Hiking/Trekking Jeanne & Peter


Cannon Mtn

Posted on April 28th, 2014
by PeterD in Hikes

Monorails and Post Holes – that’s all I could think of. But I get ahead of myself.

As with any early/late season hike, the weather always requires an extra bit of attention.   The day before had been light/unsettled rain in Boston, but the outlook for Sunday showed a bit of improvement – and this being our first hike of the season, we weren’t going to let a bit of weather get in our way!

GPS trax

Check out the full track at EasyTrail.com

Off we went, arriving at the NH visitors center in Lincoln, NH just before 9am – our traditional ‘last pitstop’ before a hike.  The sun was in and out of the clouds and the thermometer was already pushing high 40′s – not bad.  Refreshed, we drove another 10 minutes north to ‘The Notch’ to park in the Lafayette Place Campground parking lot – the trailhead for the Lonesome Lake Trail.

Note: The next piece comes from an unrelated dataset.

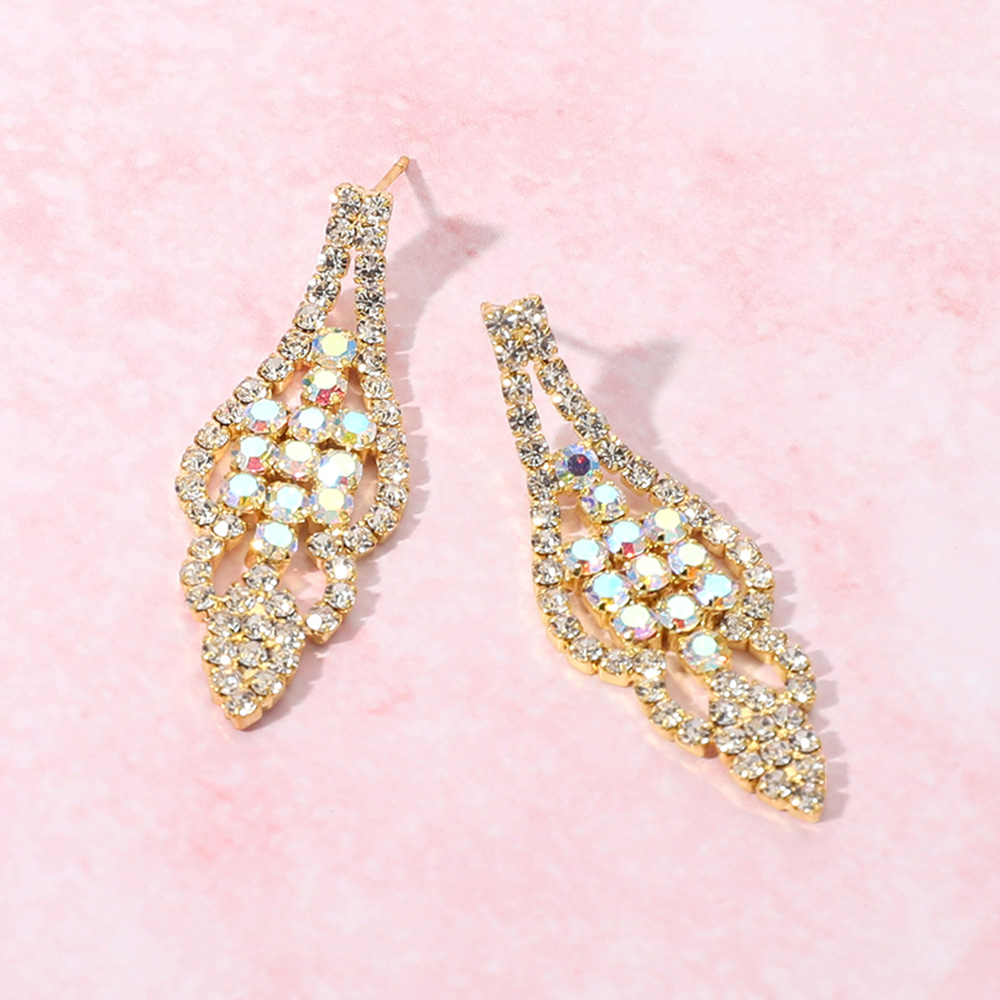 Faceted Teardrop Stone Chandelier Dangle Evening Earrings

But in that 10 minutes, the skies turned full-on gray and a misty rain began falling. The temperature also dropped to the lower 40′s – so typical of Notch weather!  And while we’d expected something like that and came prepared with our rain jackets and extra layers for the cooler temperatures, it was pretty cold and clammy getting out of the car and getting geared up.

We kept telling ourselves – we’d hiked in this sort of weather before – not bad with the proper gear – just wet.  Though the few mounds of snow in the woods were a bit of a premonition!

While we could have chosen a much shorter route – we opted for the longer, and more gradual Lonesome Lake trail, taking it a bit easy for the first hike of the season.  So, after ‘gearing up’, we headed for the trail, but not before a few pictures in the parking lot.

Starting Out - smiles

There’s a smart hiker!

Trailhead - light rain

Note the smiles!

The hike was really two separate hikes – the first, a relatively easy jaunt up to Lonesome lake, and the second, some fairly rugged trailblazing to the peak and back to the lake.

The grades on the trip to Lonesome Lake were fairly mild, and the footing good, made easier by the packed snow in the center of the trail. While we put on our microspikes (Yaxtraks) fairly early, hiking on hardpack snow is easier than the rocks in the summer because much of the terrain is smoothed by the snow. At the lake, we met up with a few other hikers who’d just been to the hut (open in winter) and heard of a large crowd – so at the trail junction, we just decided to continue on.

No sooner had we left the junction that we realized we were trailblazing. There’d been some recent snow (perhaps the night before), but no fresh footprints, so the next 1.9 miles to the summit were all us. Heading around the lake, careful to avoid the “post holes” (when someone’s leg goes thigh-deep into the softer snow off the trail!), we started the gradual ascent to the Kinsman Ridge trail. The going wasn’t bad, and the fresh snow-ball snow provided some better footing on what was likely some icy patches.

Heading right when we reached the junction at Kinsman Ridge, we were headed for the most difficult part of the hike. A section they say to avoid during winter. You can see why in the photo on the right!

Getting close

Not much further

Ice and snow

Time to pause and consider.

Again, the snow-ball snow really helped out, though so did the many trees and roots – frequently providing a (wet) hand-hold to assist with footing – though the icicles really caused a moments pause – this was pretty formidable.

Undaunted, we continued, fortunately this was the most difficult section with the trail leveling out shortly afterward, bringing us to the tower atop Cannon Mountain. We didn’t really hang around at the summit – it was pretty cold and snowy – though we did take the “Rim Trail” over to the Tramway house, pausing at a finished granite bench with the inscription:

“If you love someone, tell them.
Most importantly, stay close to your friends, let it make a difference in your day and theirs.” – Jerry Warlop

The view from the bench must be fantastic, though with all the clouds, we didn’t see anything but gray. So we continued to the Tram house and found it closed – you’re probably getting the picture that it was pretty desolate at the top of Cannon – it was!.

Forty One!

Yeah! Forty One (in the snow!)

We quickly headed back in the direction we came, deciding to descend by the same route we took up, rather than do more trailblazing on the way down. The falling snow stayed with us for quite some time, partially covering our footprints from our ascent. Peter managed to “post hole” twice, once into some water as we returned to the area around Lonesome Lake.

And by the time we reached the lake, the snow was turning to the same misty rain we’d started with, though the slight rise in the temperature was enough to make the going slushy as we descended to lower altitudes and eventually a muddy trail.

It was a good day out! Maybe still a bit early in the season to really ‘enjoy’, but we were outside and added number forty-one to our list.